» **TASK GOAL**
Retype the following data exactly, but leave its pictures out.

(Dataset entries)
┄┄┄┄┄┄┄┄┄┄┄┄┄┄┄┄┄┄┄┄
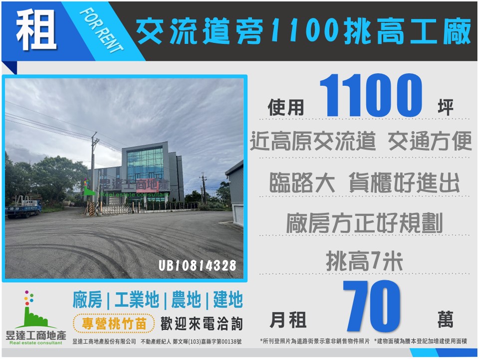 龍潭小坪數挑高鋼構廠房/工業地廠房買賣租賃
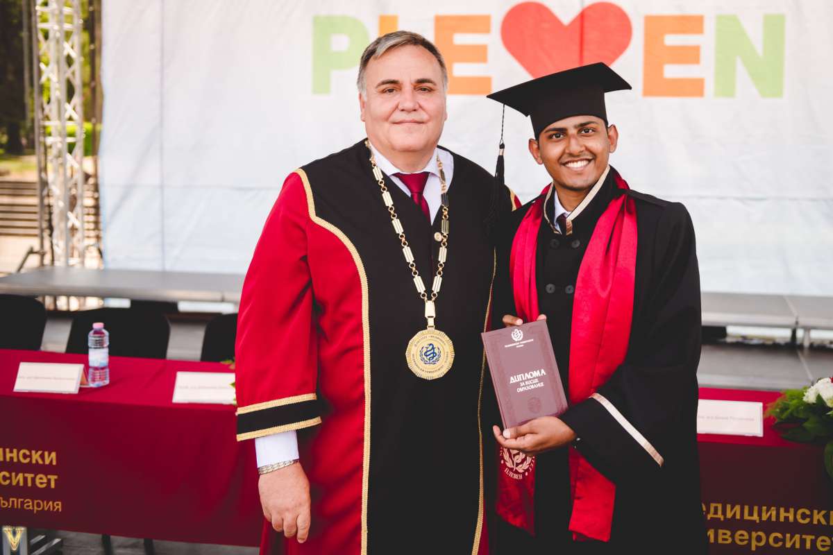 След успешно завършен 6-годишен курс на обучение по специалност „Медицина” изцяло на английски език, 151 чуждестранни дипломанти от Випуск 2017-2023 на Факултет „Медицина” придобиват образователно-квалификационна степен „Магистър” и професионална квалификация „лекар”. Младите чуждестранни лекари са граждани на 20 държави: Англия, Индия, Германия, Италия, Канада, Швеция, Ирландия, Япония, Холандия, Португалия, Швейцария, САЩ, Нигерия, Австралия, Дания, Ирак, Ливан, Пакистан, Испания и Турция. Средният успех на випуска е много добър, с висок брой отличници – 13. Те ще бъдат наградени с плакет „Отличник” на Факултет „Медицина”, луксозни дипломи, грамоти, апарати за кръвно налягане и стетоскопи. Трима от отличниците – д-р Мишел Бернард да Силва, д-р Ананя Мехта и д-р Чандини Виджайкуруп – са носители на престижните награди „Най-изявен студент“ 2019 и 2022 година и „Чуждестранен студент на годината“ 2022 г., които са под патронажа на президента на Р България.
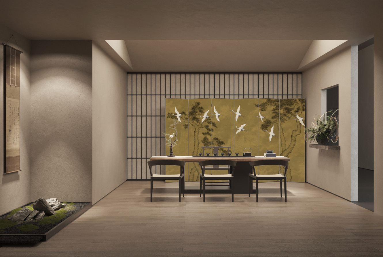中式 | 卓越风华 新中式手绘飞鹤壁画背景墙WRT-027
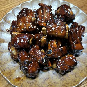 锅中放入少许油,加入葱姜蒜爆香加入排骨翻炒,加入少许酱油翻炒,后加入可乐没过排骨小火炖干,装盘撒上少许芝麻
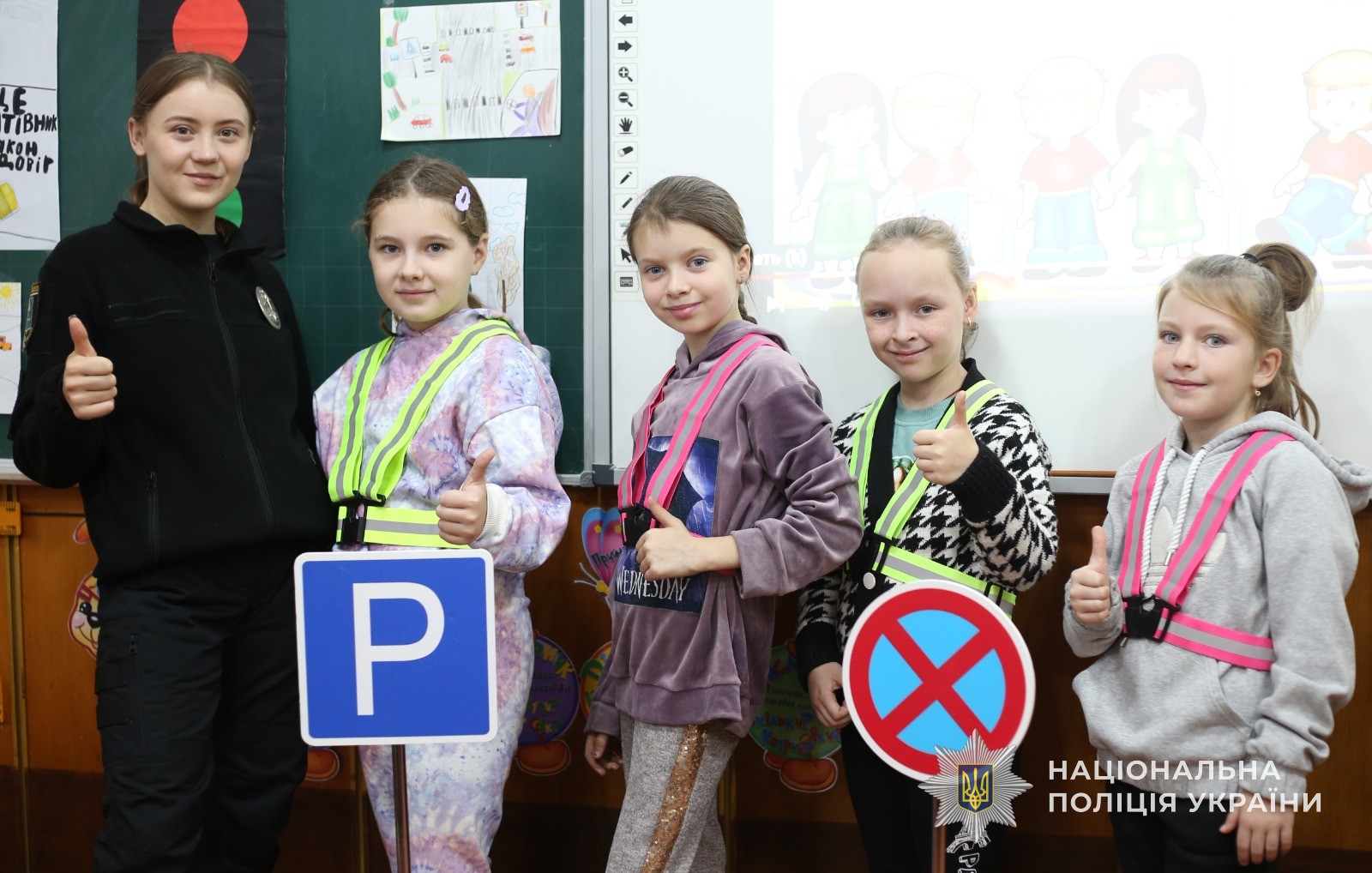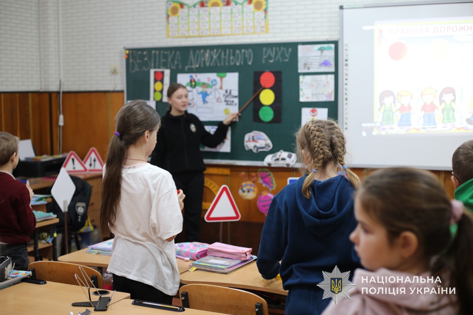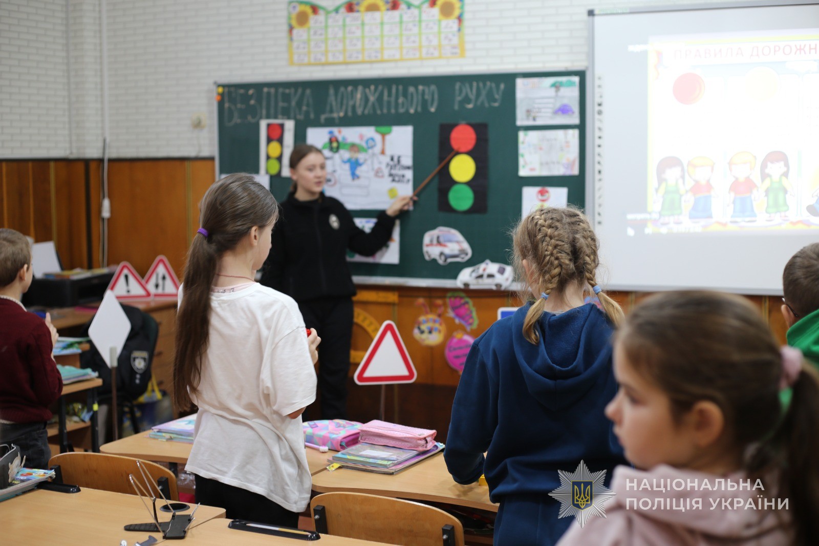 Також, інспекторка продемонструвала жилети, за допомогою яких можна себе позначити, аби стати помітними в темряві для водіїв. Далі всі бажаючи мали змогу їх приміряти. Окрім того, у формі діалогу співробітник поліції обговорила з хлопчиками та дівчатками, де та як правильно переходити дорогу та у формі гри перевірила дітей, як вони знають правила дорожнього руху. В результаті всі учні показали відмінні знання.
┄┄┄┄┄┄┄┄┄┄┄┄┄┄┄┄┄┄┄┄
» **RESULT OF THE EXERCISE**
 龍潭小坪數挑高鋼構廠房/工業地廠房買賣租賃
 След успешно завършен 6-годишен курс на обучение по специалност „Медицина” изцяло на английски език, 151 чуждестранни дипломанти от Випуск 2017-2023 на Факултет „Медицина” придобиват образователно-квалификационна степен „Магистър” и професионална квалификация „лекар”. Младите чуждестранни лекари са граждани на 20 държави: Англия, Индия, Германия, Италия, Канада, Швеция, Ирландия, Япония, Холандия, Португалия, Швейцария, САЩ, Нигерия, Австралия, Дания, Ирак, Ливан, Пакистан, Испания и Турция. Средният успех на випуска е много добър, с висок брой отличници – 13. Те ще бъдат наградени с плакет „Отличник” на Факултет „Медицина”, луксозни дипломи, грамоти, апарати за кръвно налягане и стетоскопи. Трима от отличниците – д-р Мишел Бернард да Силва, д-р Ананя Мехта и д-р Чандини Виджайкуруп – са носители на престижните награди „Най-изявен студент“ 2019 и 2022 година и „Чуждестранен студент на годината“ 2022 г., които са под патронажа на президента на Р България.
中式 | 卓越风华 新中式手绘飞鹤壁画背景墙WRT-027
 锅中放入少许油,加入葱姜蒜爆香加入排骨翻炒,加入少许酱油翻炒,后加入可乐没过排骨小火炖干,装盘撒上少许芝麻
 Також, інспекторка продемонструвала жилети, за допомогою яких можна себе позначити, аби стати помітними в темряві для водіїв. Далі всі бажаючи мали змогу їх приміряти. Окрім того, у формі діалогу співробітник поліції обговорила з хлопчиками та дівчатками, де та як правильно переходити дорогу та у формі гри перевірила дітей, як вони знають правила дорожнього руху. В результаті всі учні показали відмінні знання.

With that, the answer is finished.